I agree. I have to drive 10 miles to the nearest polling station and show ID. It's not part of a conspiracy to stop white rednecks from voting for Trump, it's because I live in the middle of nowhere and it's the closest place to set up a polling station. That's just the way it is sometimes.


----------



## Joan Nyan (Jan 18, 2016)

I seriously don't understand how anyone of voting age could even function in society without an ID. Don't you need an ID to get a job, or unemployment, or welfare, or food stamps, or to rent an apartment, or to open a bank account? You can't even buy cold medicine without an ID. If it's difficult for some people to acquire an ID shouldn't we be trying to help them get IDs? It sounds to me like people who don't have IDs probably have much bigger problems than not being able to vote.


----------



## AnOminous (Jan 18, 2016)

Marvin said:


> I don't think that that there's some scheming group intentionally disenfranchising minority voters. That's like a conspiracy theory. I don't believe in conspiracy theories. What's much more likely is that the people who place polling places figured they could save a few bucks for the government, and they just didn't think hard enough about how it'd affect minorities. People naturally give more attention to issues that affect groups more similar to themselves.

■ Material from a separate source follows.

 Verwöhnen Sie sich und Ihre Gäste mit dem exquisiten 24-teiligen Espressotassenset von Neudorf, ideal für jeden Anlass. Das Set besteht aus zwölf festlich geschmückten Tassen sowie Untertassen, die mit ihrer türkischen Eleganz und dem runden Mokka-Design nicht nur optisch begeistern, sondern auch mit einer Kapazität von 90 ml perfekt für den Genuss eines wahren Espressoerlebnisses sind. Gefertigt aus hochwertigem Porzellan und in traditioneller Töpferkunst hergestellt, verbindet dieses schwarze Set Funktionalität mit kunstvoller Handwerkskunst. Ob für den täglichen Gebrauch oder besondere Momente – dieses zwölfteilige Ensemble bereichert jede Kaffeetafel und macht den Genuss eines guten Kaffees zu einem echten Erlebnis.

They think about the exact influence voting regulation and laws like this have on elections and model it to the tenth of the percent and finer with detailed maps and software specifically for doing it, preferring laws that favor their electoral success.  This isn't a secret.  There have been numerous studies on the exact impact these laws have and why they disproportionately favor Republicans.

When they deliberately close voting places on weekends when those are overwhelmingly used by people who have actual jobs, it's hard to say it's some completely innocent event when this just happens to favor the election of the people passing the law.

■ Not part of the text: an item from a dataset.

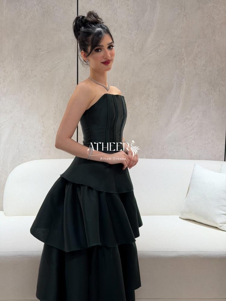 فستان سهرة أسود طويل بدون حمالات | فستان مِيرا

Unless the law is specifically intended to disenfranchise, it's generally legal.  A party is allowed to pass legislation that favors its electoral success.

It's not like the laws say "black people aren't allowed to have ID," but a number of marginalized populations have reasons it can be more difficult to meet ID requirements, especially when they're made absurdly strict.  For instance, a lot of superannuated people simply don't have a birth certificate of the sort currently required, because records were kept differently in many places, or people were not born in hospitals and may have only entered any kind of record keeping system on getting a Social Security number or some other government program.  In some cases, someone may have actually gone their entire lives without ever needing such documents.

Judge Richard Posner of the 11th Circuit, a conservative Reagan appointee, wrote the decision in one of these cases and, subsequently, years later, wrote a subsequent legal dissent about why the previous decision was wrong and that these laws are, in fact, discriminatory.  

In any event, though, while the evil if you are in one of these disenfranchised groups is that you may have had roadblocks put up to your personal right to vote, the evil to society is that democracy itself ends up warped.  

As for me, I recently put together the documents for one of the more onerous ID requirements in the country and it cost upward of $50 with an actual birth certificate filling about half of that (although I spent somewhat more than necessary to actually have the copy certified which was not actually a requirement).  This isn't a lot of money for most people but for some, it is basically a poll tax.


----------



## Marvin (Jan 18, 2016)

Jon-Kacho said:


> I seriously don't understand how anyone of voting age could even function in society without an ID. Don't you need an ID to get a job, or unemployment, or welfare, or food stamps, or to rent an apartment, or to open a bank account? You can't even buy cold medicine without an ID. If it's difficult for some people to acquire an ID shouldn't we be trying to help them get IDs? It sounds to me like people who don't have IDs probably have much bigger problems than not being able to vote.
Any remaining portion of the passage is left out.